Interview February 2nd, any suggestions?

I was very lucky to receive an interview for JET and it is in little over a week! Any suggestions on what I should do to prepare myself?

8 comments
  1. * Search the subreddit (and wider internet) for the many, many advice posts.

    * Be yourself, be honest, be presentable

    * don’t memorize a bunch of pre written answers, you’ll sound bad and they’ll know

    * re-read your SOP so you know what you said.

  2. This is for the UK embassy, others will vary in their approach:

    Don’t get too bogged down in preparation. The interview questions are impossible to predict (there’s a list of literally hundreds and you might be asked half a dozen at best) and it seems to be a coin flip as to whether they’ll ask you to prove teaching or language competency. If there’s one question you’re almost certain to get, it’s ‘why japan’, solely to give you an opportunity to demonstrate you gave it thought. The reason doesn’t have to be anything deep. For example, I wanted to teach somewhere reasonably familiar (services, tech, etc.) that isn’t obsessed with rushing around and bordering an unstable nation (South Korea) and isn’t in the midst of committing genocide (China), that was enough for them.

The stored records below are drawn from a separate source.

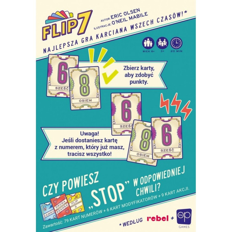 Flip 7 to niezwykle prosta gra karciana oparta na kuszeniu losu. W każdej turze decydujemy, czy podejmujemy ryzyko, próbując powiększyć nasz dorobek punktowy, czy też wolimy spasować i zachować to, co już udało nam się zebrać. Zwycięzcę wyłonimy, gdy ktoś przekroczy 200 punktów, więc czeka nas emocjonujący wyścig pełen niespodziewanych zwrotów akcji!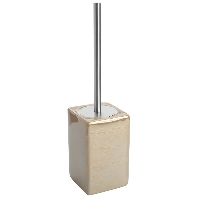 Portascopino WC Beige in Ceramica e Manico Acciaio Inox Cuba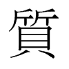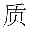《唐韻》之日切《集韻》《韻會》《正韻》職日切,𠀤音桎。《易·繫辭》原始要終,以爲質也。《註》質,體也。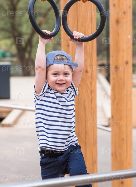 Образ жизни. Милый маленький мальчик висит на кольцах на спортивной площадке на свежем воздухе. Концепция детского спорта и физического развития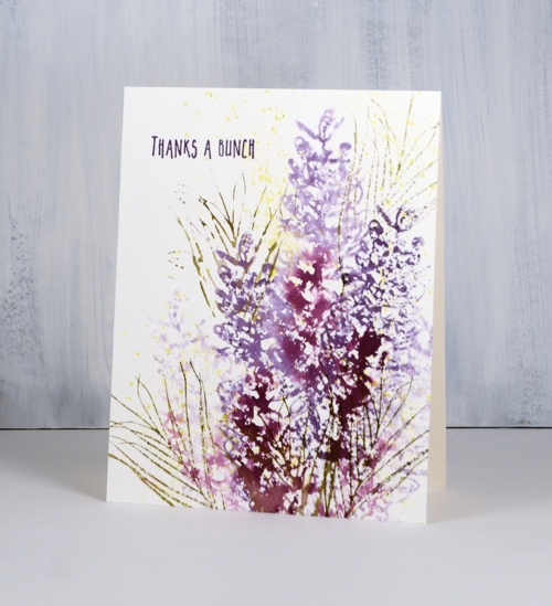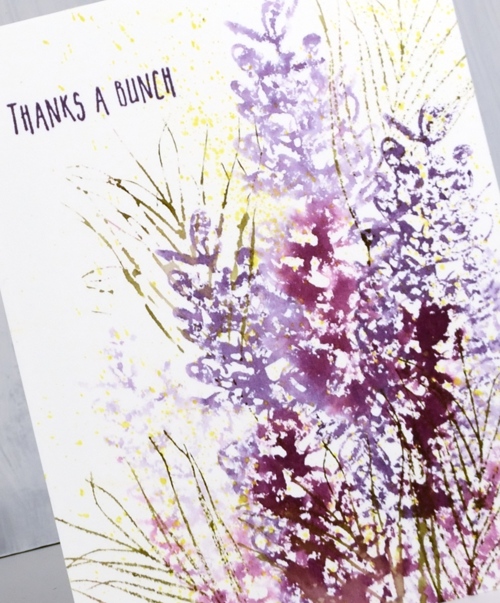 I searched for grevillea images on line and chose a couple of different colour schemes including this purple/burgandy one know as ‘Simply Sarah‘. I used both dusty concord and seedless preserves distress stains to ink the stamp, spritzed, then stamped on hot pressed watercolour paper. I spritzed again without reinking, stamped again and repeated a couple of times to get lighter images. I inked one of the foliage stamps with forest moss distress stain and stamped it a few times in and around the flowers. Finally I splattered some dots of scattered straw stain over the panel and added a sentiment from another new DD set, ‘thank you’. All the thank you sentiments are on one long strip so I masked with some post it notes to leave a space for just one sentiment.

    You’ll see a lot of people ask what sort of mock lesson they should prepare. You don’t prepare. The interviewer will give you a set of conditions and ask you to come up with it on the spot, so any time spent doing anything other than practicing your delivery will be wasted time.

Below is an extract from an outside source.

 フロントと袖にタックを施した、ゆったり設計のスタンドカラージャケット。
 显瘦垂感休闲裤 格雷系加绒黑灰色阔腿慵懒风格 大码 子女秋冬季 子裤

    If you’ve said you speak Japanese, make sure you keep up your regular practice. I don’t myself but heard from a few who felt confident but cocked up in the interview because they’d not kept up with it for months or had to read and describe something unwieldy. Those people still passed, so don’t stress too much. Obviously being fluent would be good for your marks but they’re not going to drag you over coals for a bit of stuttering and nervous mumbling.

    Make sure you have an honest and reasoned thought process behind your SoP answers. If you genuinely think the things you wrote then recalling why you wrote them and how they’re important will be the easiest thing in the world and the interviewers will be able to see the difference between your sincerity and those treating it like a box ticking exercise. On the subject of how you come across to the interviewers:

    **Don’t talk about anime**. It shouldn’t need to be said but it comes up constantly in the SoPs and interviews of people who didn’t get through. They know people like it, they know people probably downplay their interest and are often massive weebs, they still get turned off by seeing it. The ex-JET interviewer might be cool about it, but most Japanese people have the same attitude as the west, that it’s childish and weird to like it into adulthood. The Japanese interviewer will be unimpressed.

    Tl;dr: don’t over-prepare. Keep up on your language learning. Focus on delivery rather than content for teaching. Be honest, don’t kiss Japan’s ass. Check your otaku hat with security and collect it on the way out.

    Good luck!

  3. Dress business! Some people came to interview at the same time as me in turtlenecks/hoodies and I never saw them again.

    Re-read your SoP, be prepared to give more details about what`s on there and don`t stress the Japanese test, it`s just bonus points. Maybe just remember how to say “Could you please repeat slower?” or something like that, just in case.

  4. It’s an interview so honestly any interview advice will work that you can look up on the internet.

    Anyway, here are two things I did before my interview that I found helped me.

    If you like practice interview questions, a way I find works well is to just to list 1-2 key points and then practice structuring it into full answers. That way you can practice answering but you don’t fall into the trap of sounding pre-rehearsed.

    If you’re the type to get nervous then step it up a notch by looking up interview practices on YouTube, getting dressed up and setting up your area so it looks and feels like an interview. The questions don’t matter but practice breathing and pausing/thinking before answering can help you practice staying calm. This can help trick your interviewers into thinking your cool and confident even when you’re shaking so much you drop your water bottle.

  5. I am type A as fuck so i made an interview prep sheet with various talking points/mock lesson prompts (but NO specific examples so I would have to improv) and things i liked about myself and questions to ask them and studied it over and over again and presented to my squishmallow collection (a harsh group) until it was a natural response. I made all of my bullet points vague so that I had to add new/varied details each time but still got the main ideas across.

    In the actual interview I didn’t even need to look at my notes because I had the concepts in my mind and had smoothly delivered my ideas to my big plushy frog 5 times that week. You don’t need to do all this but i DO suggest explaining the same big ideas concisely a couple of different ways to an audience so you have that skill practiced. Obv i don’t have a position (yet?) but i did leave the interview feeling good with no regrets about what i did/did not get to say.

    Do your best!! You are gonna crush it.